▶ [Information supplied]
#####

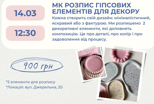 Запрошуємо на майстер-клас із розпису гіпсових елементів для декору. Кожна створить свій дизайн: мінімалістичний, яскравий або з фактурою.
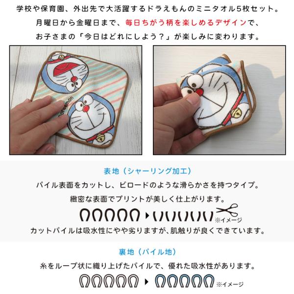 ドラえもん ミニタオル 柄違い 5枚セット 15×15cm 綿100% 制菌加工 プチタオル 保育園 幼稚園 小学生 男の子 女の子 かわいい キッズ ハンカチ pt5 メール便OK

#####

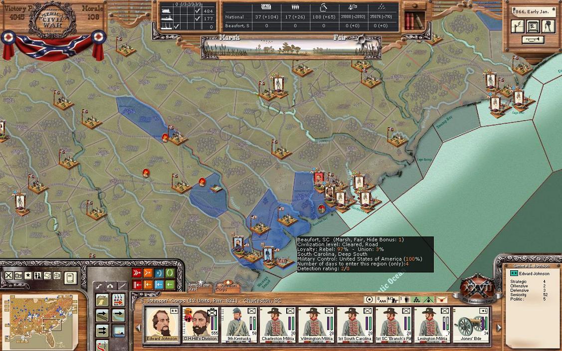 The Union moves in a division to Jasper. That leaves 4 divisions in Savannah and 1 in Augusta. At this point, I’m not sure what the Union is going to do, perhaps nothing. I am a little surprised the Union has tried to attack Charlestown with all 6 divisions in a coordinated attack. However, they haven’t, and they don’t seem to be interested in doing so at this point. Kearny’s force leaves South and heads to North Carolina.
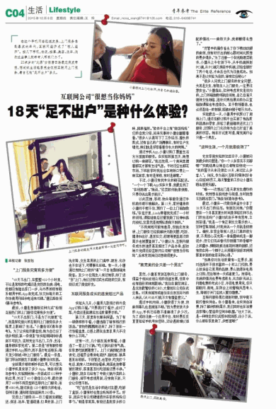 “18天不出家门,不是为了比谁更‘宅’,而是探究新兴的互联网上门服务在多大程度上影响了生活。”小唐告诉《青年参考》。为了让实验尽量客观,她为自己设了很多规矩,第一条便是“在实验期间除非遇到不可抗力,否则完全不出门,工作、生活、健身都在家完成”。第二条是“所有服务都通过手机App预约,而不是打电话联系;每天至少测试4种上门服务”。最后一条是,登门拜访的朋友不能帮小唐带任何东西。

#####

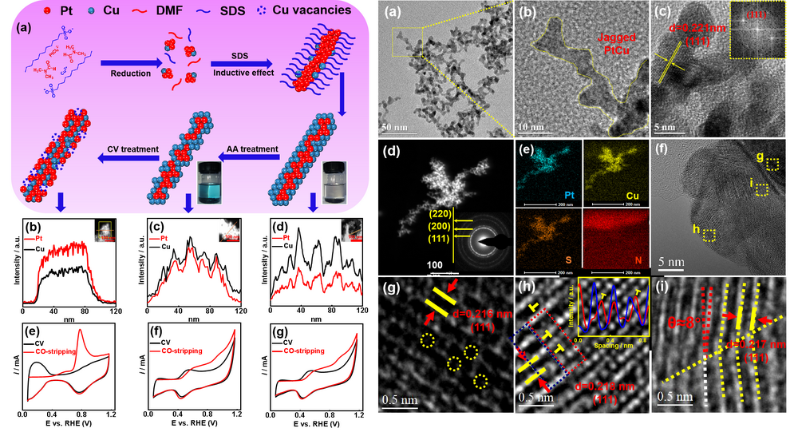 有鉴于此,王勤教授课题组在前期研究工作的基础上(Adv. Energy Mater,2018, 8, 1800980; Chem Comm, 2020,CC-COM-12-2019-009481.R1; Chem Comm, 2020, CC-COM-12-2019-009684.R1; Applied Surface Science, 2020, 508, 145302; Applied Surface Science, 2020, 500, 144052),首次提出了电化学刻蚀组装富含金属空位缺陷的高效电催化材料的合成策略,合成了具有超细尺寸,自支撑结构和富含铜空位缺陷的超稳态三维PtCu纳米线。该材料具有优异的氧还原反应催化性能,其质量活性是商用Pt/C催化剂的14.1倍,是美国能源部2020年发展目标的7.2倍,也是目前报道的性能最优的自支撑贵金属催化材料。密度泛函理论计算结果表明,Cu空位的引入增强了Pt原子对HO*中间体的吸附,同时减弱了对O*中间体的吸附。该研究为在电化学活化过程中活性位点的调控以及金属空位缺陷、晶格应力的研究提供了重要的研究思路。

#####

▶ [Exercise brief] Within the listing above, the lines starting at the one containing "Запрошуємо на майстер-клас" and ending at the one containing "ドラえもん ミニタオル 柄違い" are to be returned exactly. Omit the pictures.

▶ [Reply]
 Запрошуємо на майстер-клас із розпису гіпсових елементів для декору. Кожна створить свій дизайн: мінімалістичний, яскравий або з фактурою.
 ドラえもん ミニタオル 柄違い 5枚セット 15×15cm 綿100% 制菌加工 プチタオル 保育園 幼稚園 小学生 男の子 女の子 かわいい キッズ ハンカチ pt5 メール便OK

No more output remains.